ASSIGNMENT
Take the material below and extract the lines from the one with "Схема-чертеж запорного вентиля" through the one with "1/2569-12/2569 (12 รอบ)", word for word, without pictures.

DATA FOR ANALYSIS START

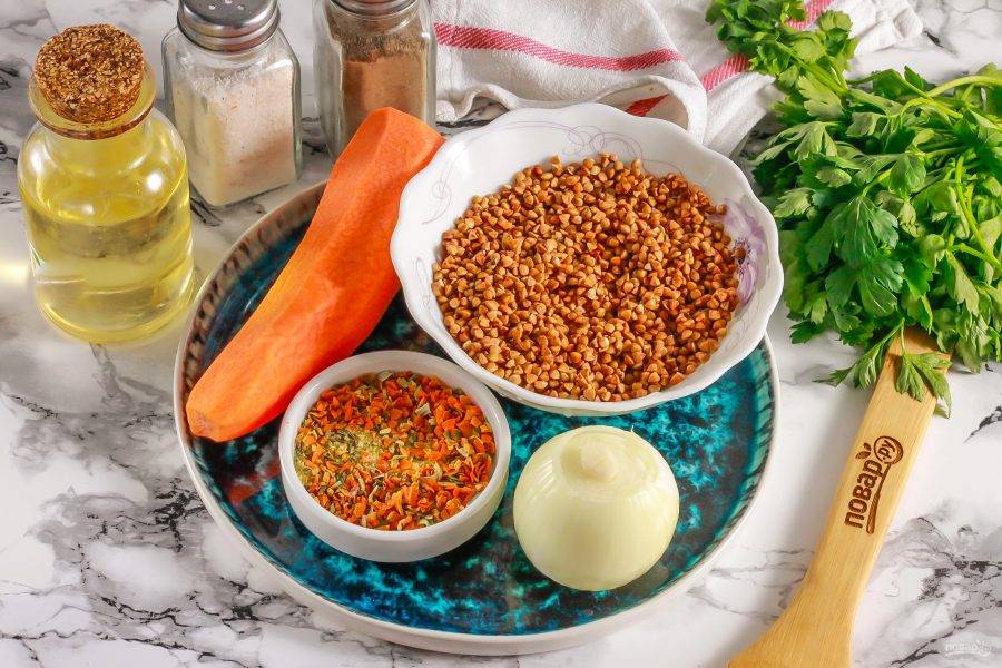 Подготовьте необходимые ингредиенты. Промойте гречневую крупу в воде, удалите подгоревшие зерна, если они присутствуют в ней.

DATA FOR ANALYSIS END
DATA FOR ANALYSIS START

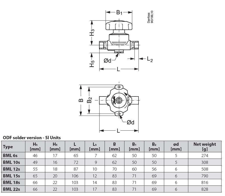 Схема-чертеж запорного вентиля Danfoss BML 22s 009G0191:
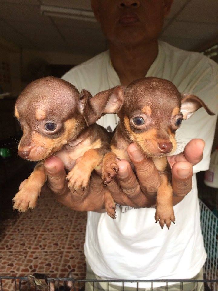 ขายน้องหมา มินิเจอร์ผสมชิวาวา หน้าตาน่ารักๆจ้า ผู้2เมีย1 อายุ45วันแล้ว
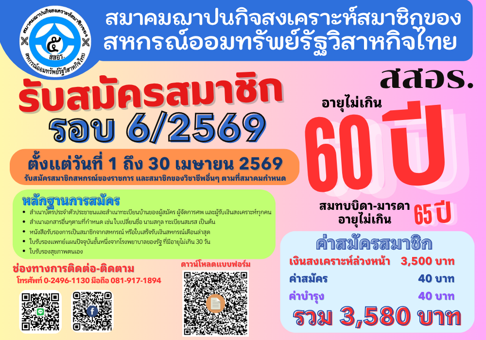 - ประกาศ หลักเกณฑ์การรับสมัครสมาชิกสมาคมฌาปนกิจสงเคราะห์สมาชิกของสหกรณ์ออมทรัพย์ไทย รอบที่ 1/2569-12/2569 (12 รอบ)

DATA FOR ANALYSIS END

PROBLEM SOLUTION
 Схема-чертеж запорного вентиля Danfoss BML 22s 009G0191:
 ขายน้องหมา มินิเจอร์ผสมชิวาวา หน้าตาน่ารักๆจ้า ผู้2เมีย1 อายุ45วันแล้ว
 - ประกาศ หลักเกณฑ์การรับสมัครสมาชิกสมาคมฌาปนกิจสงเคราะห์สมาชิกของสหกรณ์ออมทรัพย์ไทย รอบที่ 1/2569-12/2569 (12 รอบ)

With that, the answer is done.